D-backs: Druw Jones, OF (MLB No. 78)
This is a vote of confidence that Jones can right the ship. The 2022 second overall pick was coming off left shoulder surgery and then battled quad and hamstring injuries for much of his first full season. Even when healthy, he still struggled to hit with a .252 average, .351 slugging percentage and 26 percent strikeout rate over 29 games at Single-A. He still has a lot of raw power and the plus-plus speed to be an aggressive baserunner and Gold Glove-caliber defender in center. More health means more at-bats means more opportunities to adjust for a high-ceiling talent.
2022 projection for 2024: A.J. Vukovich, 3B (2024 Top 100: NR)

Dodgers: Josue De Paula, OF
The second cousin of former NBA guards Stephon Marbury and Sebastian Telfair, De Paula was born in Brooklyn, moved to the Dominican Republic and signed for $397,500 in 2022. He batted .284/.396/.372 while making his U.S. debut in Single-A at age 18 last year, and he has the tools and skills to become a .300 hitter with 30-homer power once he’s fully developed.
2022 projection for 2024: Wilman Diaz, INF (2024 Top 100: NR)

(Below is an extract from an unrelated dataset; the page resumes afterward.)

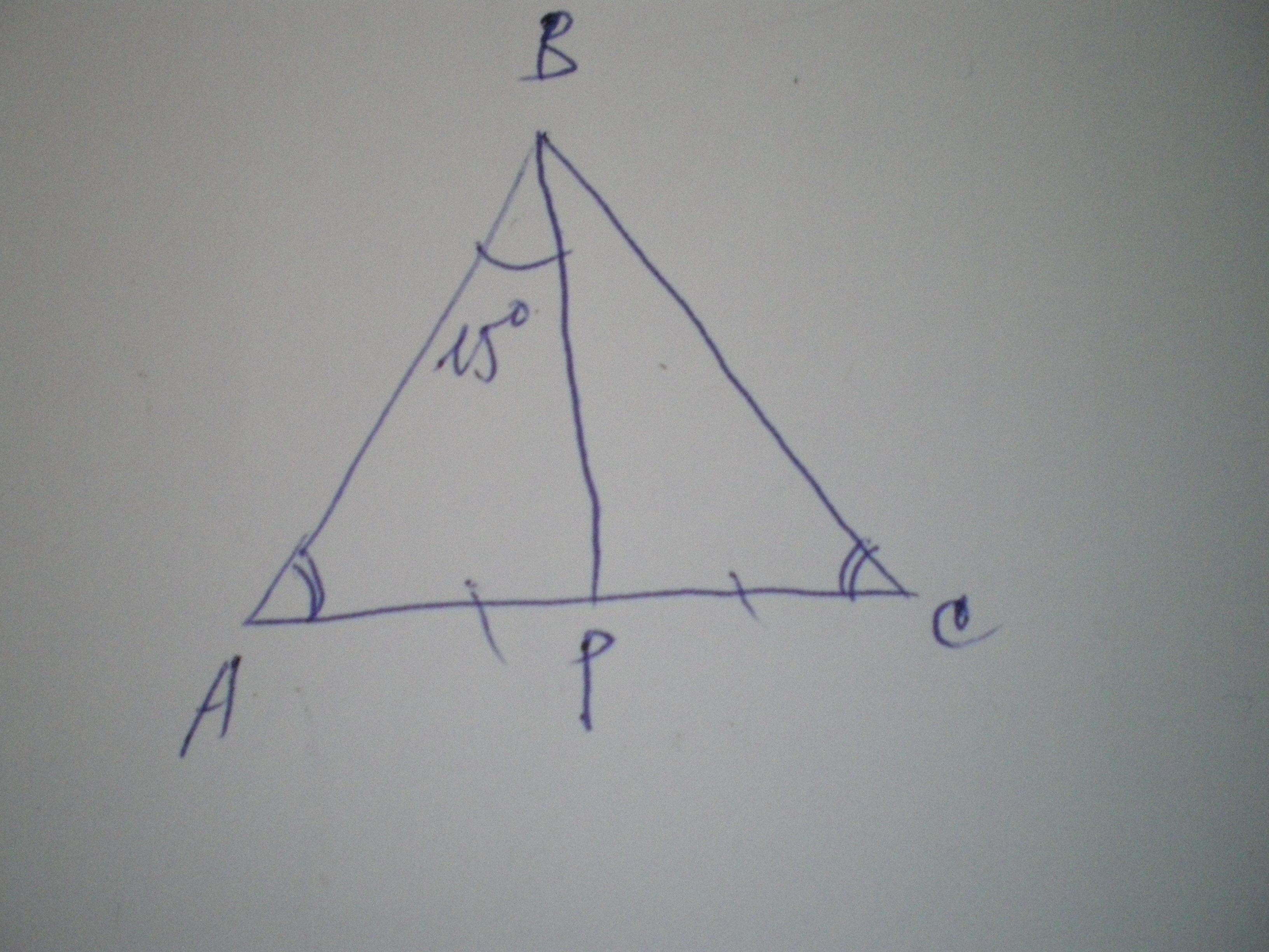 Знайдіть кути рівнобедреного трикутника АВС (АВ=ВС) якщо його медіана ВР утворює зі стороною АВ кут градусної міри 15° . Помогите решить пожалуста

Giants: Bryce Eldridge, OF/RHP (MLB No. 96)
The best two-way prospect in the 2023 Draft, Eldridge will get the chance to both hit and pitch as a pro, but teams strongly preferred him as a slugger. A Virginia high schooler drafted 16th overall last July, he generates tremendous raw power with bat speed, strength and the leverage in his 6-foot-7 frame. He posted a .905 OPS with six homers in 31 games and reached Single-A in his pro debut.
2022 projection for 2024: Aeverson Arteaga, SS (2024 Top 100: NR)

Padres: Leodalis De Vries, SS
The top international prospect from the 2024 class might make our Top 100 as early as this summer and has a good chance to reach Single-A before he turns 18. A basketball player with a point-guard background, De Vries has good lateral quickness that helps him on the dirt and the basepaths, and as a switch-hitter, he’s already impressing San Diego officials with his early zone awareness and power from both sides. At 17, Ethan Salas joined our Top 10 at the end of his first season. It might take De Vries a little longer, but he could certainly be at or close to the rankings mountaintop in two years.
2022 projection for 2024: James Wood, OF (2024 Top 100: No. 14)

Rockies: Chase Dollander, RHP (MLB No. 52)
As a college arm from the top 10 of the 2023 Draft, it’s possible Dollander will reach Colorado ahead of this, especially with the Rockies’ need for pitching. But he had some things to iron out and seeing him in the rotation on Opening Day 2026 would be just fine. He’s yet to throw an official professional pitch, but when he’s at his best, he has a legit four-pitch mix and three of them are at least above average.